During the last few weeks I’ve been taking advantage of the relatively mild weather to develop a scented woodland area. Alongside Cathy Kitchingman in the Prospect House Garden, we have been renovating a previously relatively wild area. A slightly past its best wooden playhouse has been removed with gusto by our axe wielding teenagers and carted off to be burnt. The ivy that has spread from under the yew hedge backdrop has been removed, and the overenthusiastic Lamium orvala (red deadnettle) has been rigorously restrained. We have crown-lifted the pretty hazels to allow for underplanting, and pruned heavily the spreading Choisya ternata. The Epimedium has been split and spread about and the hellebore seedlings have been removed, the bigger ones to be grown on in pots and replanted elsewhere. We have constructed a path through the middle by clearing any growth and laying a double layer of membrane. We then edged the path with thick branches and covered the membrane with a dense layer of wood chip. The whole bed is going to be brought out by about a metre and a half to allow for more planting.
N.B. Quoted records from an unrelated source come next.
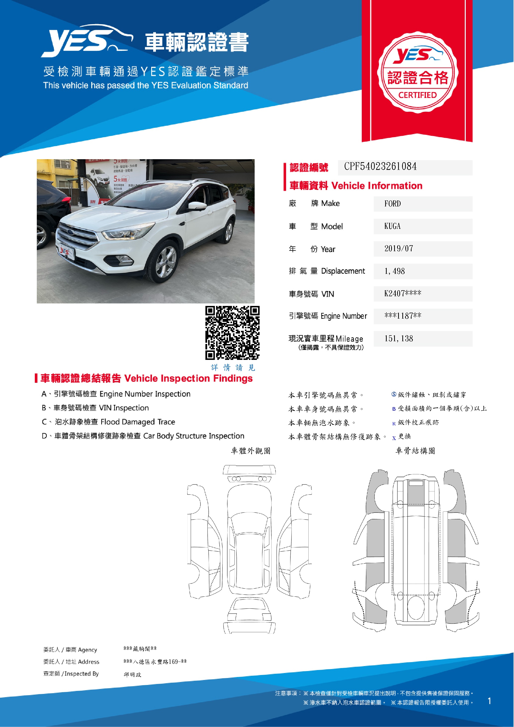 本車已由YES專業查定師完成 153 項檢測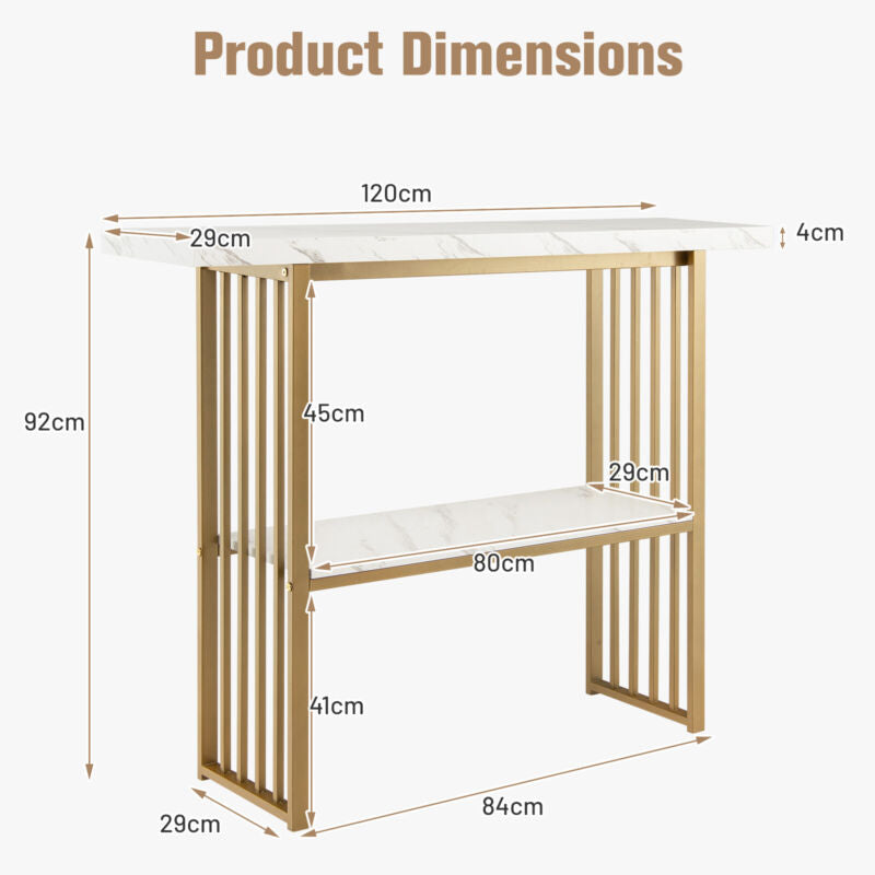 2-tier Console Table White Faux Marble Sofa Table Modern Entryway Table Hallway
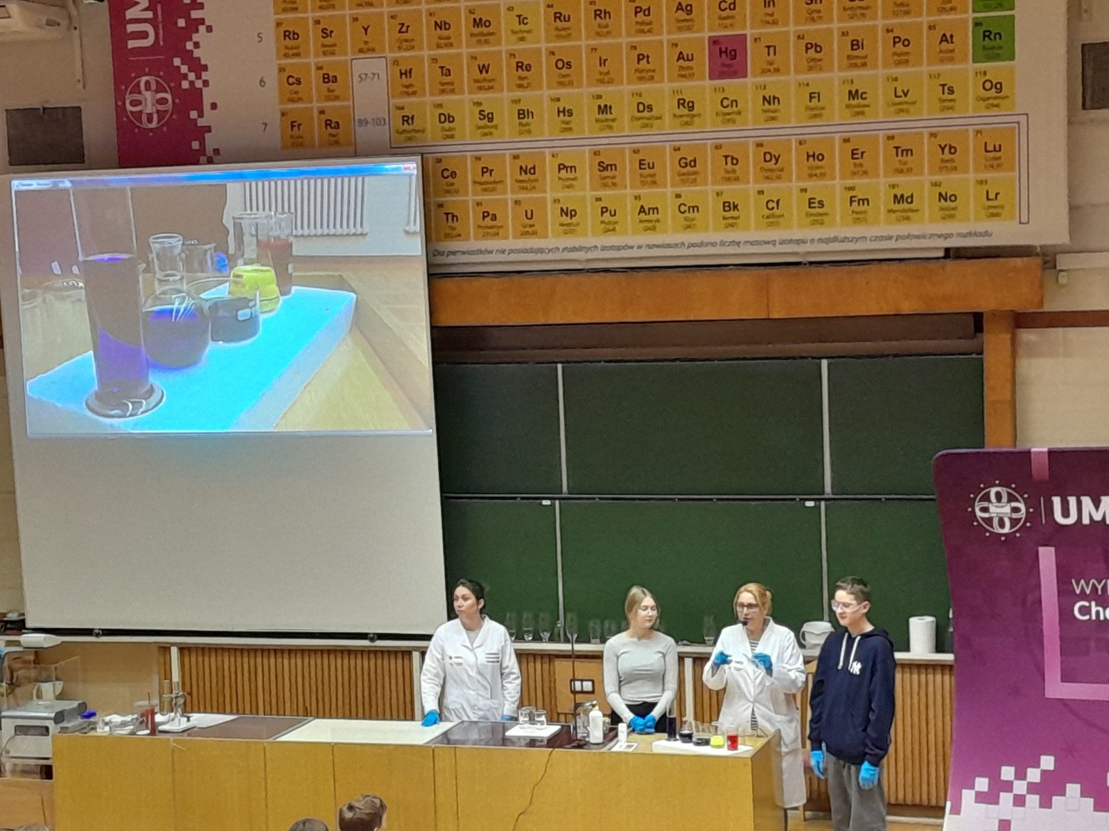 Prowadzący i uczniowie na tle ekranu ukazującego pojemniki z kolorowymi płynami
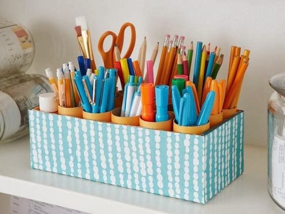 A tampa da caixa de sapato também pode acomodar peças para organizar a sua escrivaninha. E as partes internas podem ser feitas com outras caixas que foram recicladas.
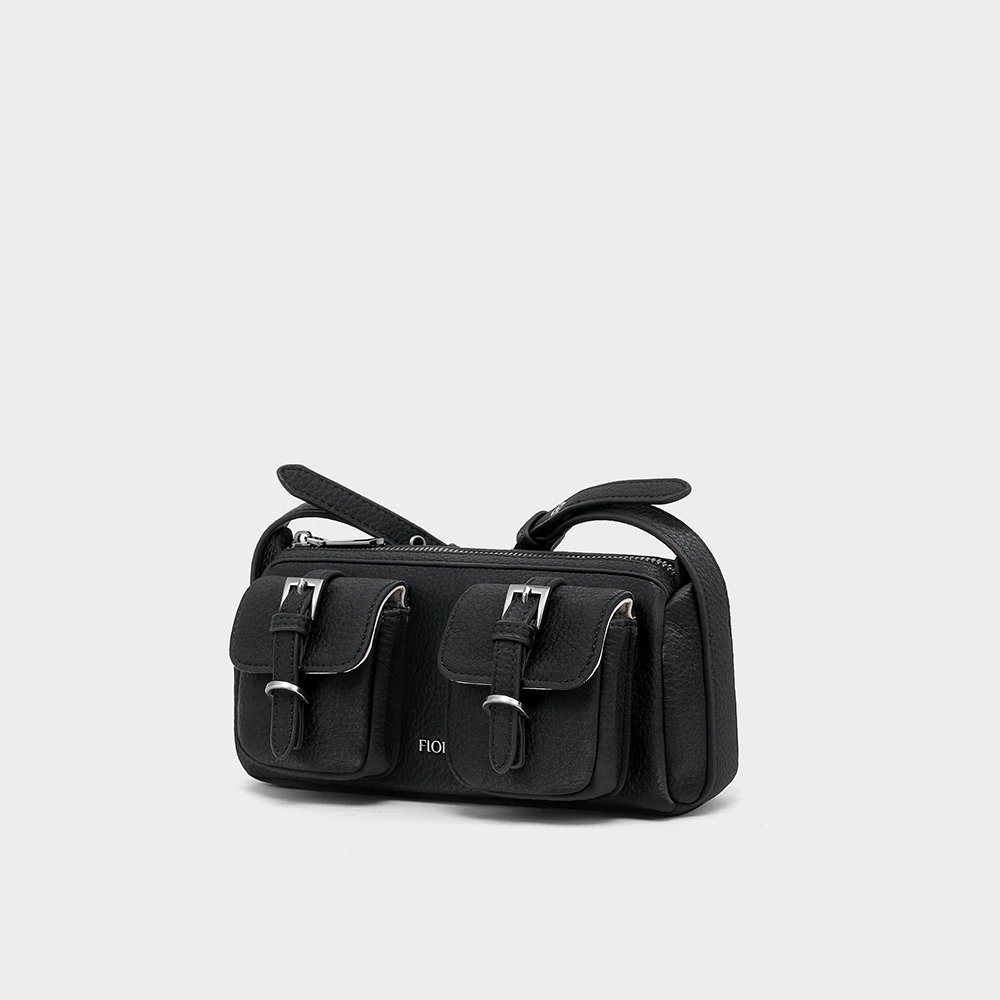 Bolsa na cor preta em tecido tecnológico, com bolsos externos, fivelas na parte frontal, acompanha alça ajustável, dois compartimentos internos, bolsos externos com detalhe com fivela e logo na parte frontal.

An orange hamamelis (witch hazel) which is not thriving in a too dry area of the garden will be moved here to provide scent on the edge of the path and we will introduce other scented part-shade lovers. This includes Sarcococca (Christmas Box), Daphne bholua ‘Jaqueline Postill’ and Lonicera standishii ‘Budapest’, a shrubby winter flowering honeysuckle with delicious scent. We already have an established Lilac and Laburnum and if space allows at the higher level we will add a Viburnum bodnantense. We have split some Gallium odorata (sweet woodruff) for ground cover and will add in some Viola odorata. Lily of the valley would work but is too invasive for what we want, but to extend the interest into summer – always a challenge for shady areas - we might grow the annual Nicotiana sylvestris.
Aside from those, we are planning to try our hand at building a willow arbour and will provide feedback on that in a later post! Next September we will add more woodland bulbs including the woodland Anemone nemerosa and potentially even some native bluebells, Hyacinthoides non-scripta, (not the highly invasive Spanish bluebell, Hyacinthoides hispanica). The existing snowdrops have been split and concentrated close to the base of winter-bare shrubs. We will also be adding ferns for texture, Dryopteris felix-mas and Polystichum setiferum.
In more generic advice I have started cutting back grasses, which have already started sprouting new growth in this very mild winter. Bulbs are shooting up, making it inadvisable to delay further in the winter cut back. I have sorted out the first seeds to sow but am sitting on my hands until light levels improve before sowing. Most of the roses have been pruned and the emerging shoots of celandine rigorously weeded out. Spring is waiting in the wings.